Network File Service

Operations

Flat File
- read(FileID, i, n) -> Data
- write(FileID, i, Data)
- create() -> FileID
- delete(FileID)
- GetAttributes(FileID) -> Attr
- SetAttributes(FileID, Attr)

This API is very similar to UNIX's file system opeations with some notable differences:

no open or close functions
all operations except create are idempotent (to allow at-least-once RPC semantic)
the operations can be implemented by a stateless server

Modules

server module resides in the kernel on each computer that acts as an NFS server
client module resides on client computer who accesses the files
requests referring to a remote file system (RFS) are translated by the client module to NFS protocol operations and passed to server module
- communication mostly happens via RPC

NFS provides access transparency

user programs issue file operations on local/remote files without distinction

VFS enables remote files to appear as local files using file handles. File handles have three parts:

filesystem identifier
- unique ID given to entire file system
i-node number
- unique number to identify and locate a file within the file system
i-node generation number
- in UNIX, i-node is reused when a file is deleted (this keeps an extra counter when reused)

VFS layer contains v-node per open file (like i-node in UNIX). For local files, v-nodes are i-nodes. For remote files, v-nodes are file handles.

Client Authentication

Unlike convential UNIX operating system, NFS server is stateless (does not keep file "open" on behalf of client).

every request is independent of others, so the server

Server Interface

$create(dirfh, name, attr) \to newfh, attr$

Mount Service

Makes remote file system avaiable to local client by specifying remote host name and pathname of the directory.

Local: /usr/x
Remote: /usr/students/big
Remote: /usr/staff/jane

1 fname = /usr/x
2 fp = fopen(fname, "r")
3 data = read(fp, 1024)

Mount Procedure

NFS Server runs a separate (user-level) mount service process
- in the server, there is a file with a well-known name (/etc/exports) containing the names of local filesystems that are available for remote mounting
- an access list may indicate which hosts can mount
NFS clients use mount command to request mounting
- by specifying the remote host's name, the pathname of a directory in the remote filesystem and the local name with which it is to be mounted

Mount command uses and RPC-based mount protocol
- takes directory pathname and returns file handle
- the location (ip/port) of the server and the file handle for the remote directory are passed onto the VFS layer and NFS client
Two types of mounting:
- hard mounted
  - user program is suspended until operation completes
  - if the server fails, waits until server is back (as though nothing happened)
- soft mounted
  - an error is returned after some small number of retries
  - the client program then needs to do necessary recovery/reporting action

Caching

Caching is an important operation common in operating systems to achieve enhanced performance.
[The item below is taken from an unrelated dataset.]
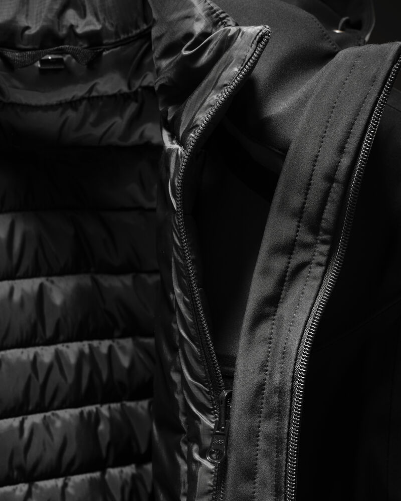 Pinnacles er en 3-i-1 multifunksjonell ytterjakke designet for maksimal beskyttelse og komfort selv under våte forhold. Ytterjakken er laget av resirkulert polyester og har teipede sømmer og vanntette glidelåser som sørger for god vanntetthet. Side- og brystlommer med glidelås gir sikker oppbevaring. Justerbare ermer og nederkant – med borrelås på mansjettene og elastisk snøring i nederkant – gir perfekt passform. Hetten er både justerbar og avtagbar, og hakebeskyttelsen gir ekstra komfort. Innerjakken er en avtagbar, vattert jakke i resirkulert polyamid som gir ekstra varme. To lommer med glidelås på sidene sørger for sikker oppbevaring og hakebeskyttelse. Kombinasjonen av en funksjonell regnjakke og en vattert innerjakke gir et allsidig og beskyttende plagg, perfekt for ulike værforhold. Pakket i en biobasert, komposterbar pose.

file content is stored on disk
if each request needs to go to disk directly, that would be too slow!
instead, OS usually "caches" content (blocks) read from the disk into memory

In NFS, both client and server can cache blocks.
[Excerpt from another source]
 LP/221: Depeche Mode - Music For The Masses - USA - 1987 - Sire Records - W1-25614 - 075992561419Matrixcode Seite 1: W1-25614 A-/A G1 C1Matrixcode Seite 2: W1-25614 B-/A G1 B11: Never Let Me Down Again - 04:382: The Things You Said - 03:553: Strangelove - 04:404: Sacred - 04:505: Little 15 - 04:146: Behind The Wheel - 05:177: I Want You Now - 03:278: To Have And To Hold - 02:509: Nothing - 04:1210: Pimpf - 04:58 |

$read$ /remote/file1 1-1000
$read$ /remote/file1 1001-2000

The server may want to cache a requested block in case other clients want it. A client may want to cache a requested block in case it expects to read from it many times.
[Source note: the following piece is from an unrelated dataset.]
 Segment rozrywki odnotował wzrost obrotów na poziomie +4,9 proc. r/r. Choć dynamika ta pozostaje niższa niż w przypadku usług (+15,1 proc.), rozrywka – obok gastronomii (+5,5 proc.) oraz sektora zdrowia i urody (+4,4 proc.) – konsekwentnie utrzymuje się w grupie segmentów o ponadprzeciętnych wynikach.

What problems would this pose? Consistency!

Server Caching

NFS servers use cache to hold disk blocks. Typically two types of cache operations are used:

read-ahead: read blocks ahead of time (spatial locality from 281)
delayed-write: hold blocks in memory and do not write to disk (cache is replaced by new content)

Read does not cause any consistency issues, but write might! Two options exist for writing:

write-through

- fast at the cost of safety - write-commit - safe at the cost of speed

Client Caching

NFS client module caches the rusult of certain operations

usually read, write, getattr, lookup, and readdir operations.

Client caching may allow different versions of files to exist in different client nodes.

writes by a client do not update cached copies of other clients
clients need to check with the server (and pull updated ones)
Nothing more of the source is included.